Whooping cough is, if you want to get technical, caused by B. Pertussis, fastidious gram-negative coccobacillus. In real life terms, it is a pathogen that produces toxins that damage the epithelial cells of respiratory tract and causes severe coughing. This doesn't sound that bad, but, especially in infants and children under 2, that coughing causes a lack of oxygen to the brain, which in turn causes the brain cells to die, causing brain damage. In classic pertussis, the coughing lasts longer than three weeks, and residual coughing can last for months. In 2000-2004, there were 6,114 children under twelve months old hospitalized with clinically confirmed pertussis. Out of that number, 5, 454 had apnea--periods where they stopped breathing. 1,063 had pneumonia, 146 had seizures, and 92 babies died of whooping cough.
The greatest complications in adults, who usually don't see brain damage, is 5% suffer pneumonia and 4% have rib fractures from the coughing. (http://www.cdc.gov/mmwr/preview/mmwrhtml/rr5517a1.htm#tab2) The biggest issue with adults having pertussis, though, is that it can be passed on to infants.
There are two reasons for the pertussis comeback: number one, researchers have found that the efficacy of the pertussis vaccine begins to wear off after around 10 years.
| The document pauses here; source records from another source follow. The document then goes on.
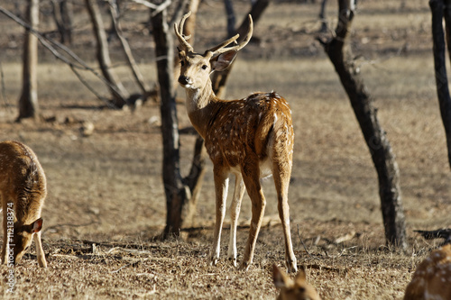© Steven Bramall, Naklejka premium An alert Indian Spotted deer looks over his shoulder at the camera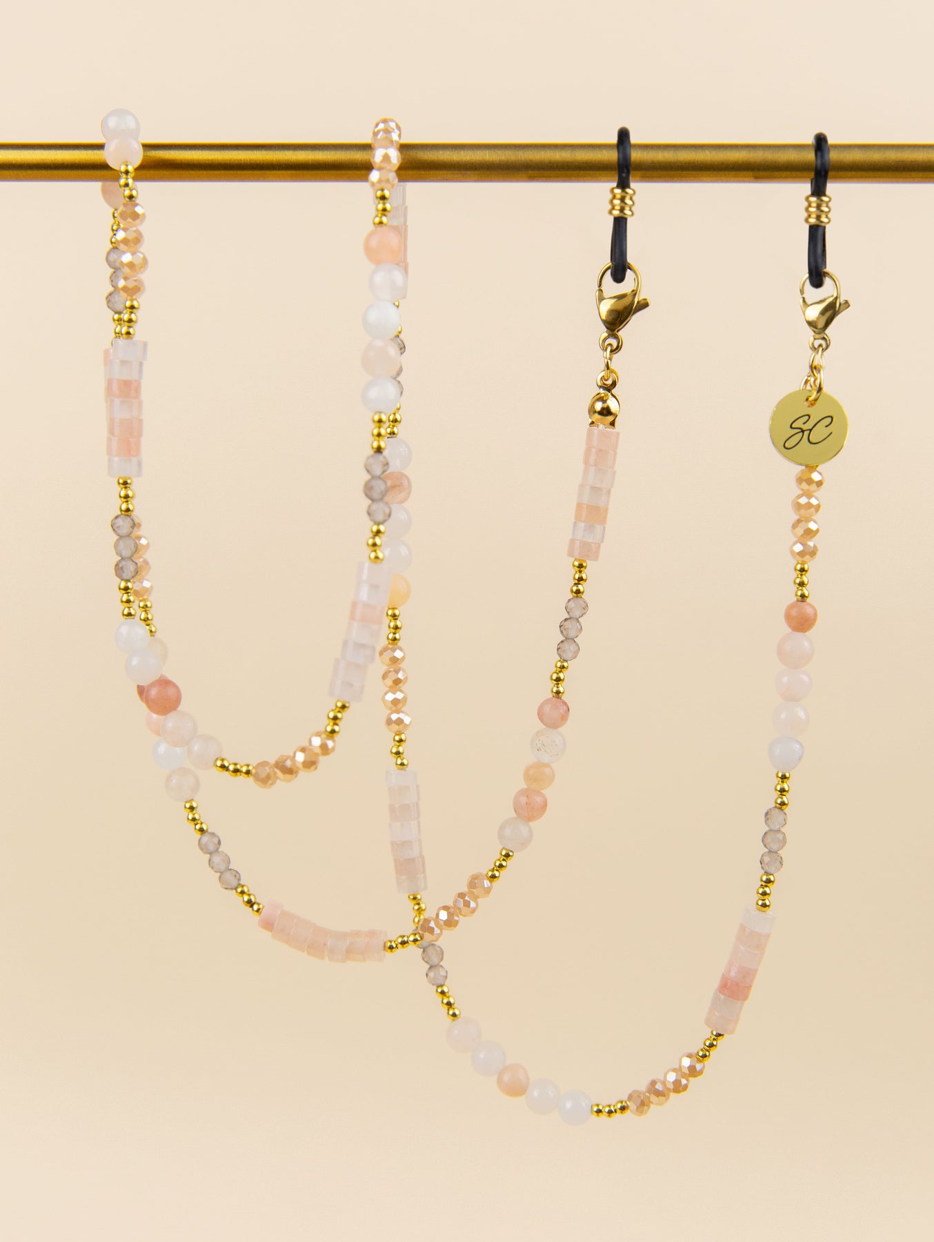 Perfect glasses strap gift for you and your bestie! The Sol Sunny Cord is designed in a blue, green or beige color and is designed with different shapes. Monochrome does not have to be monotone with this one. Choose your favourite color and make a statement by wearing the Sol. Can be worn not only as a sunglass chain but also as a bracelet or necklace.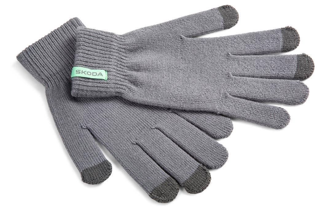 29,00 złRękawiczki męskie dzianinowe w kolorze szarym. Dotykowe palce do sterowania telefonem komórkowym wyróżniają się ciemniejszym szarym kolorem. Tkana etykieta ŠKODA na krawędzi rękawicy.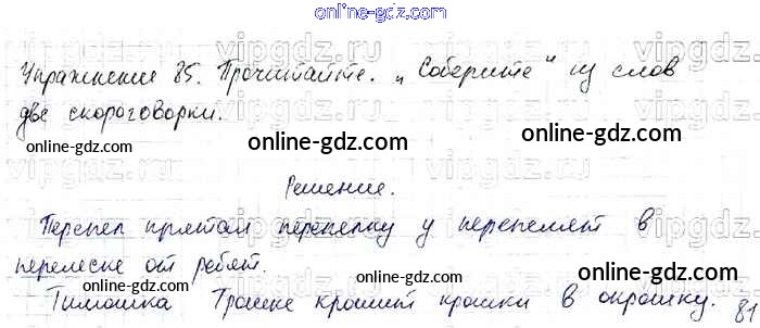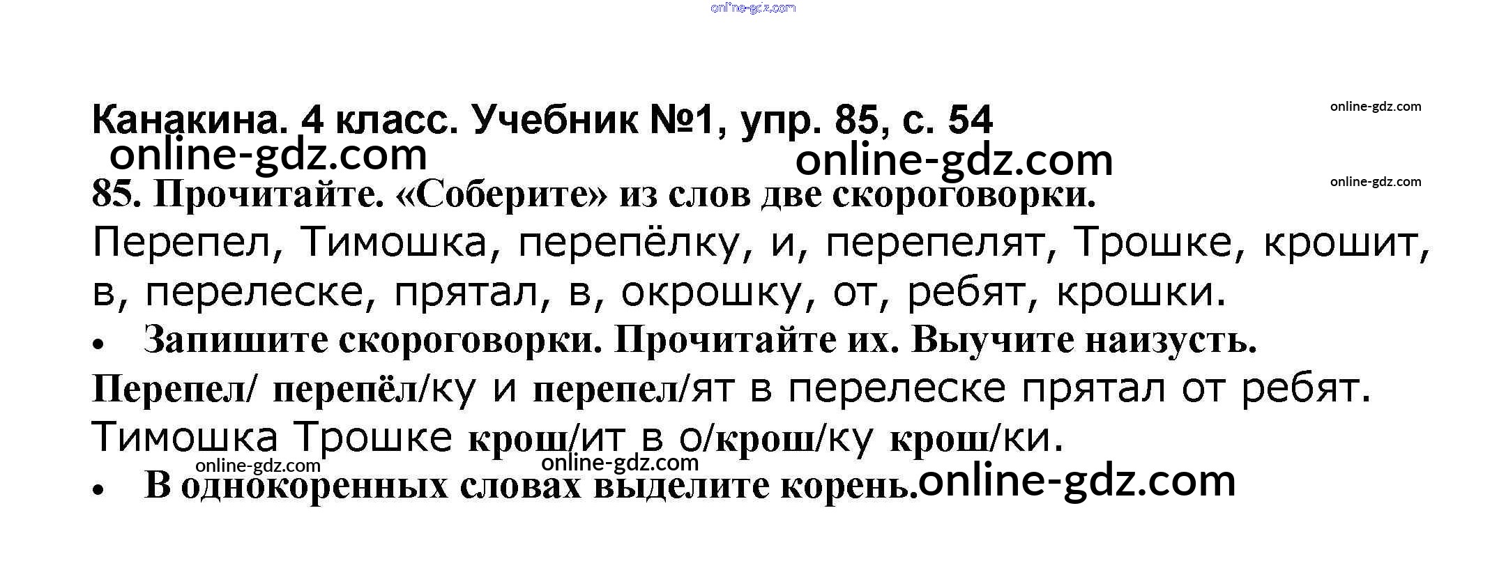 Готовые домашние задания по Русскому языку за 4 класс Учебник Канакина, Горецкий Школа России 2015 - Часть 1 85

Basically, the body begins to forget those antigens. This is why you may see commercials on the adult pertussis booster--it isn't a real issue for adults, other than an inconvenience, but it can be deadly when transmitted to an infant. This is why I got my pertussis booster last year; it isn't something I am overly concerned about dealing with myself, but I would be horrified if I passed it onto my son.
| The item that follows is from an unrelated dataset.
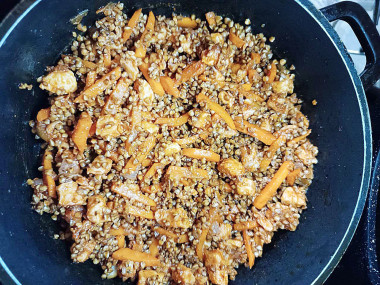 Готовила я в казанке, т. к. сковорода была занята. У меня была куриная грудка. Обычно она получается суховатой, но в этот раз мясо вышло сочным и мягким. Сначала кусочки курицы я обжарила в растительном масле до побеления, затем добавила лук кубиками и морковь, натертую на крупной тёрке. После обжарки добавила пол стакана воды и потушила минут 15. А дальше уже заложила промытую гречку, залила горячей водой и томила на медленном огне пока на дне не осталось немного воды. Остаток жидкости потом впитался в гречку сам). Специи не добавляла, только соль.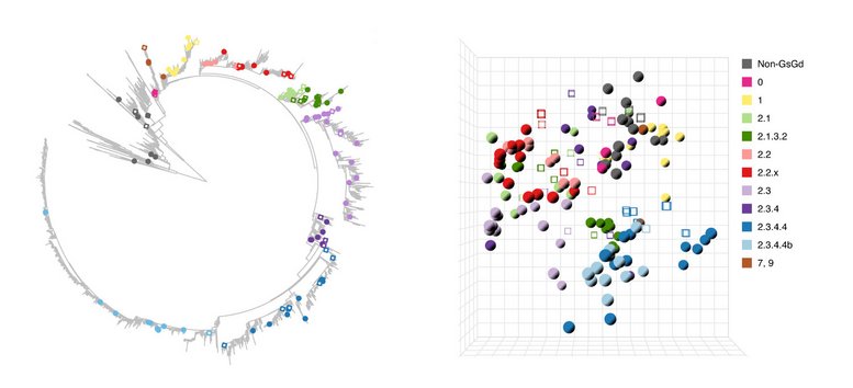 Using genome sequence data shared through the GISAID Initiative, the researchers performed a comprehensive analysis of the antigenic evolution of A(H5) influenza viruses using antigenic cartography, a tool that enables visualization and quantification of antigenic changes over time.

The other reason there are more pertussis cases is simply because there are fewer people getting vaccinated, something that we'll look at later this week.
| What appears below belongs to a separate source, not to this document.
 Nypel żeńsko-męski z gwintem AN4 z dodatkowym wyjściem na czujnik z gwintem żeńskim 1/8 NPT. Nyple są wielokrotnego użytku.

Now why did my family get whooping cough? Especially when some of my sisters had vaccines that shouldn't have started to wear off yet?
Most likely, they didn't have actual pertussis. At least not B. Pertussis. There are other diseases that are in the pertussis family, but that the vaccine does not cover. These are usually less severe and do not lead to the major complications that the actual B. Pertussis does. Especially one pathogen called B. Parapertussis presents clinically similar to the deadly pertussis pathogen, but the symptoms are less severe.
Later on this week we'll look at the beginnings of the anti-vaccine movement, which actually began with the pertussis vaccine.